▶ [Supplied material]
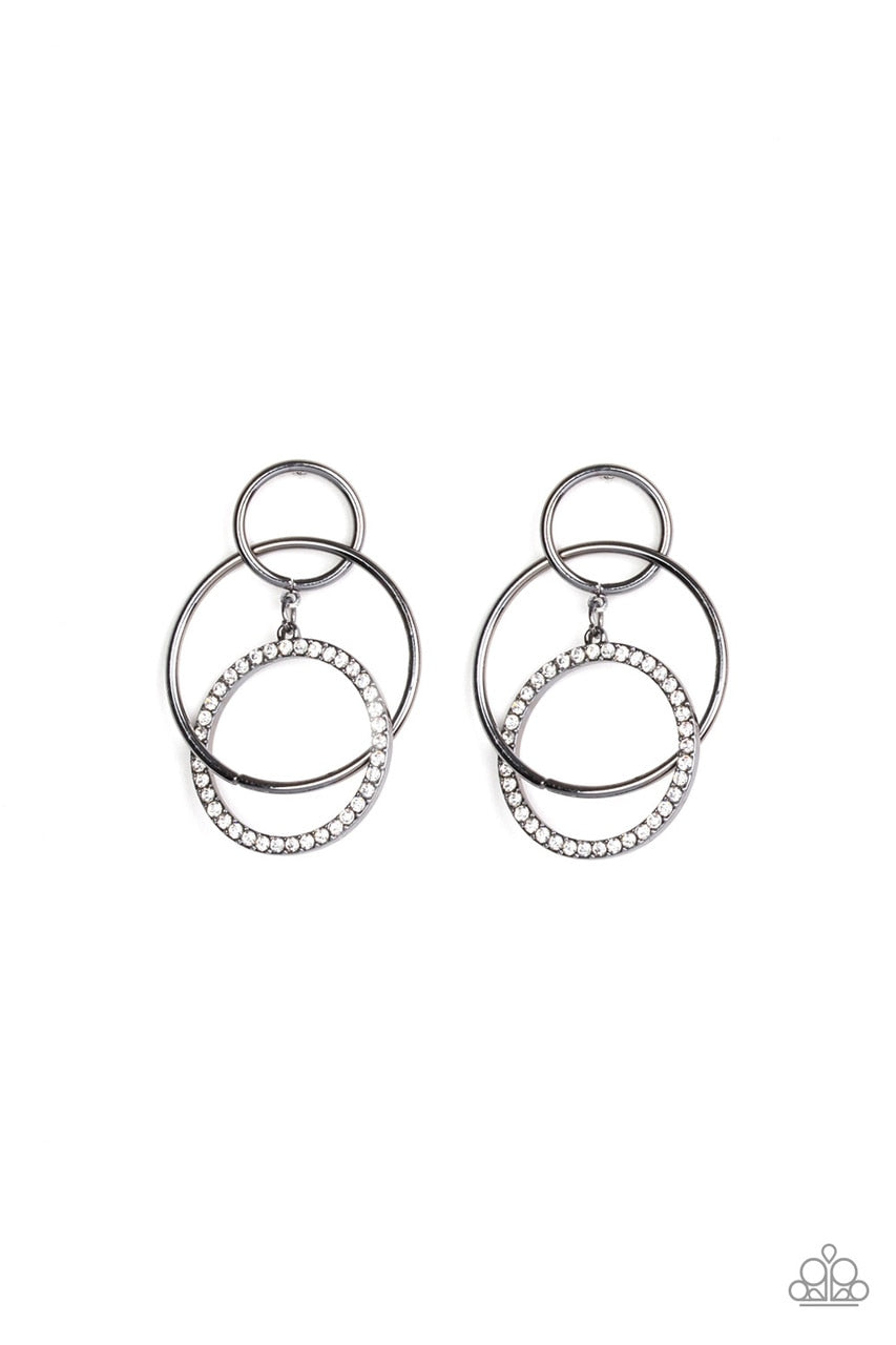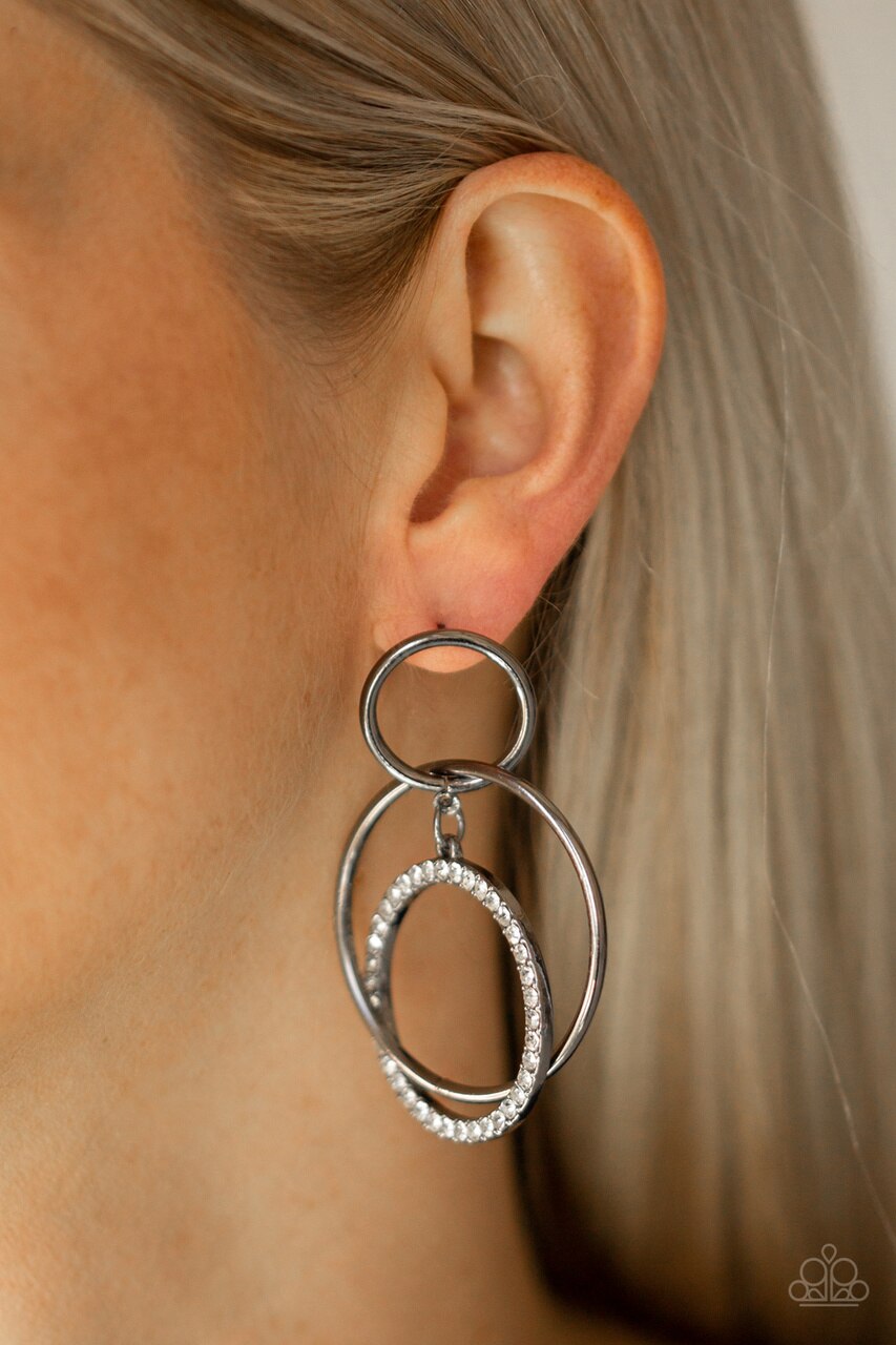 Introducing the Metro Bliss Earrings in stunning Gunmetal! These earrings feature a glistening gunmetal hoop encrusted in a ring of blinding white rhinestones, with a larger gunmetal hoop threaded through the centers for a modern finish. The earrings attach to a standard post fitting.
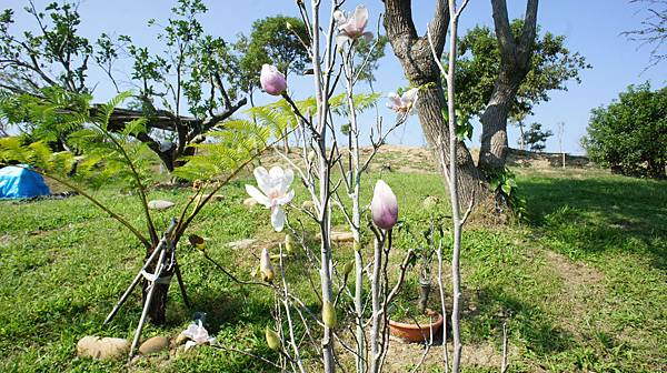 辛夷花俗稱木蘭花.紫玉蘭.望春花..,在為數衆多的喬木家族中率先開花迎早春,是第一位迎接春天到來的樹花,有“喬木春花第一枝”的美稱。年初旅遊瀋陽張大帥府,正逢辛夷花盛開,團友們都是第一次見此花,驚豔之餘打聽台灣何處有?告知春天農莊植有紅&黃兩品種並邀明春賞花。P園辛夷花夏月著蕾,入秋後茂盛的枝葉變成光禿的枝椏,不知為什麼時空錯亂,紅辛夷把秋末誤以為是春來也,今天突然全樹花開了。書上寫說辛夷花芳香豔麗,早開的花色淡.瓣薄.花小難稱艷麗,小蘇說好香我也聞不到。
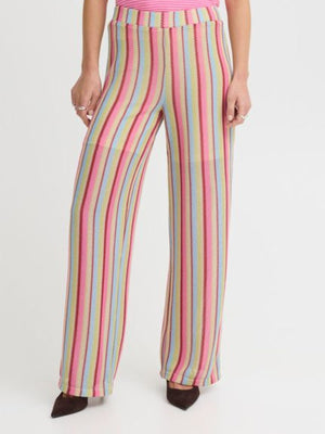 Make a statement in these eye-catching multi-stripe trousers, designed to bring effortless colour and movement to your wardrobe. Featuring a flattering high-rise elasticated waistband, they offer a comfortable, pull-on fit that sits neatly at the waist while creating a beautifully elongated silhouette.
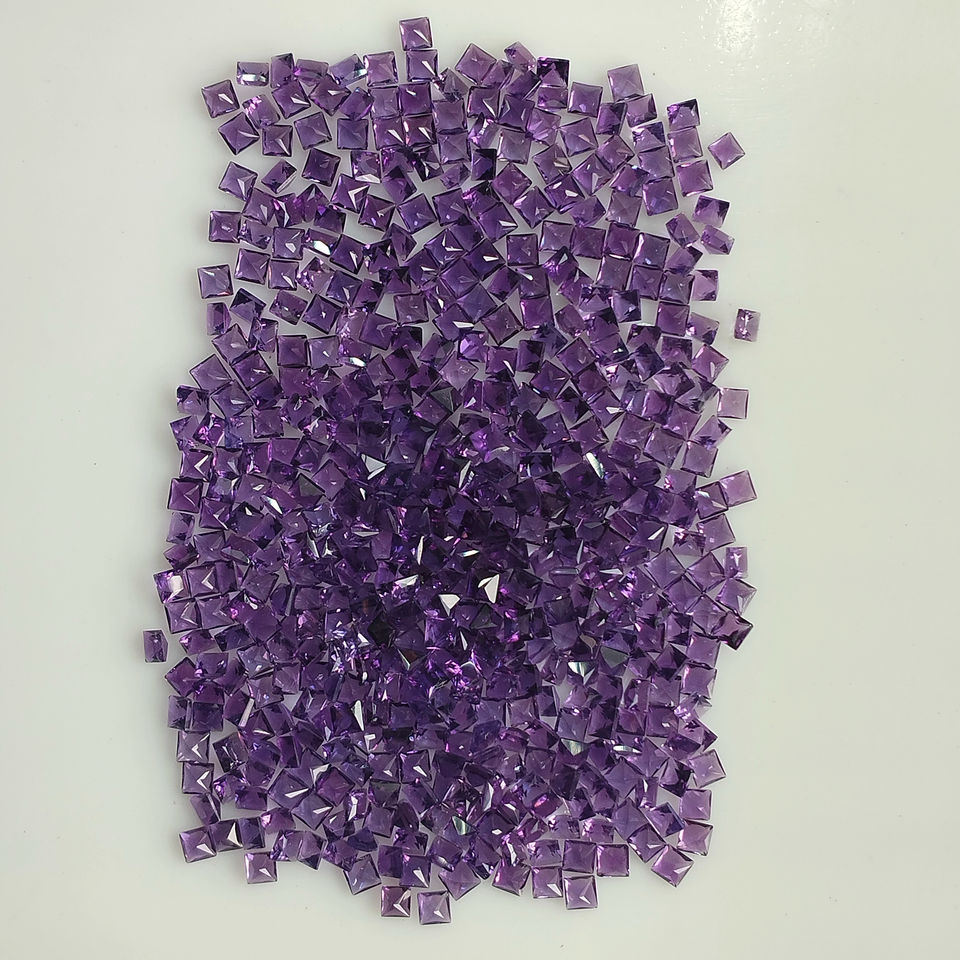อเมทิสต์แอฟริกันธรรมชาติ ควอตซ์ทรงสี่เหลี่ยมเจ้าหญิงขนาด 2.5 มม. สีม่วง คุณภาพดีที่สุด พลอยหลวมสำหรับทำเครื่องประดับ

▶ [The task] Set down the material exactly, every line of it, except for the pictures.

▶ [Written answer]
 Introducing the Metro Bliss Earrings in stunning Gunmetal! These earrings feature a glistening gunmetal hoop encrusted in a ring of blinding white rhinestones, with a larger gunmetal hoop threaded through the centers for a modern finish. The earrings attach to a standard post fitting.
 辛夷花俗稱木蘭花.紫玉蘭.望春花..,在為數衆多的喬木家族中率先開花迎早春,是第一位迎接春天到來的樹花,有“喬木春花第一枝”的美稱。年初旅遊瀋陽張大帥府,正逢辛夷花盛開,團友們都是第一次見此花,驚豔之餘打聽台灣何處有?告知春天農莊植有紅&黃兩品種並邀明春賞花。P園辛夷花夏月著蕾,入秋後茂盛的枝葉變成光禿的枝椏,不知為什麼時空錯亂,紅辛夷把秋末誤以為是春來也,今天突然全樹花開了。書上寫說辛夷花芳香豔麗,早開的花色淡.瓣薄.花小難稱艷麗,小蘇說好香我也聞不到。
 Make a statement in these eye-catching multi-stripe trousers, designed to bring effortless colour and movement to your wardrobe. Featuring a flattering high-rise elasticated waistband, they offer a comfortable, pull-on fit that sits neatly at the waist while creating a beautifully elongated silhouette.
อเมทิสต์แอฟริกันธรรมชาติ ควอตซ์ทรงสี่เหลี่ยมเจ้าหญิงขนาด 2.5 มม. สีม่วง คุณภาพดีที่สุด พลอยหลวมสำหรับทำเครื่องประดับ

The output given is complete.